INPUT DATA:
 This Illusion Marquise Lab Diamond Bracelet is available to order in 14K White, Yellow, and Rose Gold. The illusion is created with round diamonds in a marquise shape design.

* * *

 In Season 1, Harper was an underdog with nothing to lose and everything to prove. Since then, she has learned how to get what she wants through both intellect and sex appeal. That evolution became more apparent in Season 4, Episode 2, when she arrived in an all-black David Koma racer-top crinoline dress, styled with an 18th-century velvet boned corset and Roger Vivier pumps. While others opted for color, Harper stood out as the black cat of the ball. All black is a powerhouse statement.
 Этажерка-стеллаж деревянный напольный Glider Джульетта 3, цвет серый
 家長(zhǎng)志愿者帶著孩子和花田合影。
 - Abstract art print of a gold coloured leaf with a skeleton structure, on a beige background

WHAT TO DO:
Reproduce exactly the lines above from the line with "Этажерка-стеллаж деревянный напольный" to the line with "- Abstract art", including both, and add nothing.

OUTPUT OF THE TASK:
 Этажерка-стеллаж деревянный напольный Glider Джульетта 3, цвет серый
 家長(zhǎng)志愿者帶著孩子和花田合影。
 - Abstract art print of a gold coloured leaf with a skeleton structure, on a beige background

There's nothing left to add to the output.